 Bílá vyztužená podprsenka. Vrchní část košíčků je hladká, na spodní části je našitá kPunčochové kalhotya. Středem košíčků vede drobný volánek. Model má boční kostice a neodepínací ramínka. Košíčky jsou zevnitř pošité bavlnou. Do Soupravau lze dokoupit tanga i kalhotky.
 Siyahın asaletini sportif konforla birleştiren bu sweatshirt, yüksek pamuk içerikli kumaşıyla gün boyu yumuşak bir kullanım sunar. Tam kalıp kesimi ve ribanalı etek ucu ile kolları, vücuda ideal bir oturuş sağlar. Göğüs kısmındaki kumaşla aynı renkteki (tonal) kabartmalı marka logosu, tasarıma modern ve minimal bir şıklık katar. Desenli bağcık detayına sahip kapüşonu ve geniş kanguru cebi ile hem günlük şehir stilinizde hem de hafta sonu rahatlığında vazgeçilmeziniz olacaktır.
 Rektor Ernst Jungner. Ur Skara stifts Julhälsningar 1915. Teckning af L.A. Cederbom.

# # # #

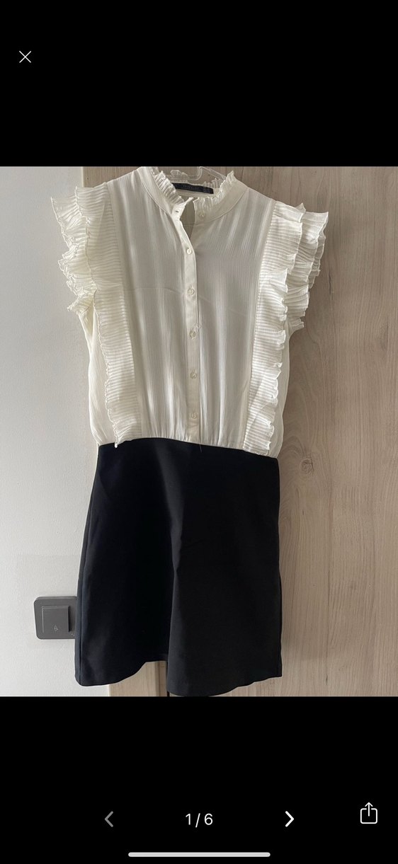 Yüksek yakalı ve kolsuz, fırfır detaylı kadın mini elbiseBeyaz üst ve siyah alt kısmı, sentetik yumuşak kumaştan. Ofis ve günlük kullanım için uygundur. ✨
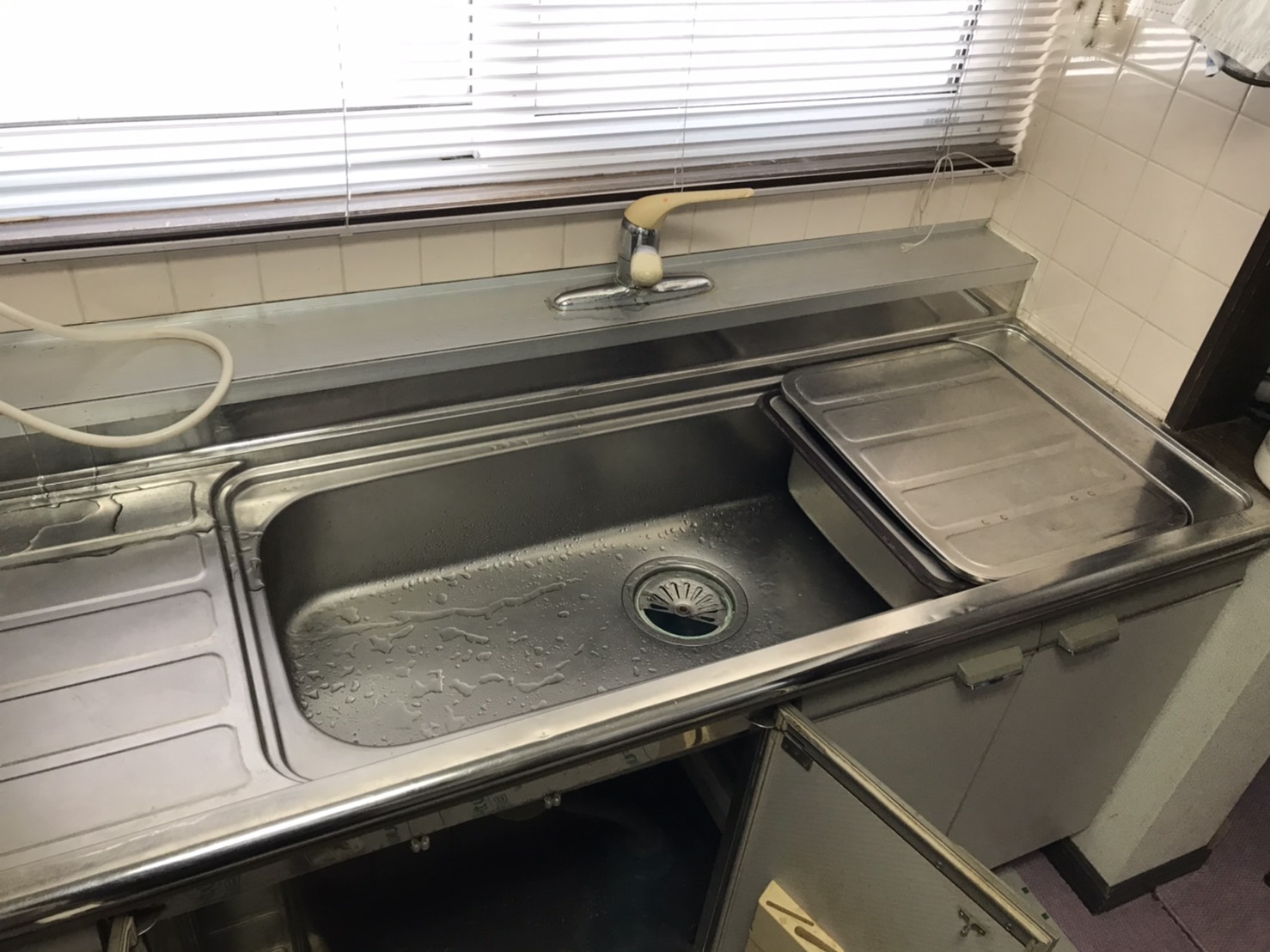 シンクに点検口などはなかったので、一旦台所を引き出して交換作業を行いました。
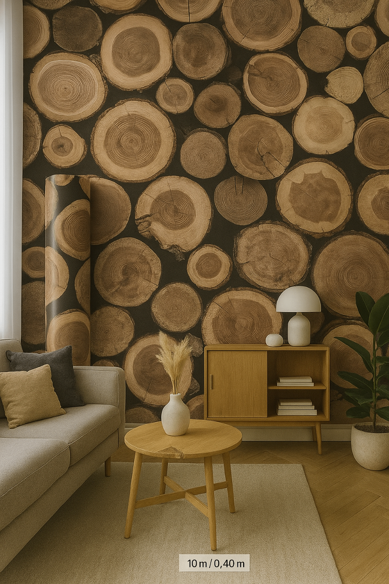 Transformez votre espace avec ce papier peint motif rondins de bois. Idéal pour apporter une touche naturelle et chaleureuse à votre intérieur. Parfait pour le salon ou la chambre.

# # # #

ACTIVITY:
Taking the entries above, restate exactly those lines that fall between the line with "Bílá vyztužená podprsenka." and the line with "Rektor Ernst Jungner.", keeping both of those lines too.

RESPONSE TO THIS EXERCISE:
 Bílá vyztužená podprsenka. Vrchní část košíčků je hladká, na spodní části je našitá kPunčochové kalhotya. Středem košíčků vede drobný volánek. Model má boční kostice a neodepínací ramínka. Košíčky jsou zevnitř pošité bavlnou. Do Soupravau lze dokoupit tanga i kalhotky.
 Siyahın asaletini sportif konforla birleştiren bu sweatshirt, yüksek pamuk içerikli kumaşıyla gün boyu yumuşak bir kullanım sunar. Tam kalıp kesimi ve ribanalı etek ucu ile kolları, vücuda ideal bir oturuş sağlar. Göğüs kısmındaki kumaşla aynı renkteki (tonal) kabartmalı marka logosu, tasarıma modern ve minimal bir şıklık katar. Desenli bağcık detayına sahip kapüşonu ve geniş kanguru cebi ile hem günlük şehir stilinizde hem de hafta sonu rahatlığında vazgeçilmeziniz olacaktır.
 Rektor Ernst Jungner. Ur Skara stifts Julhälsningar 1915. Teckning af L.A. Cederbom.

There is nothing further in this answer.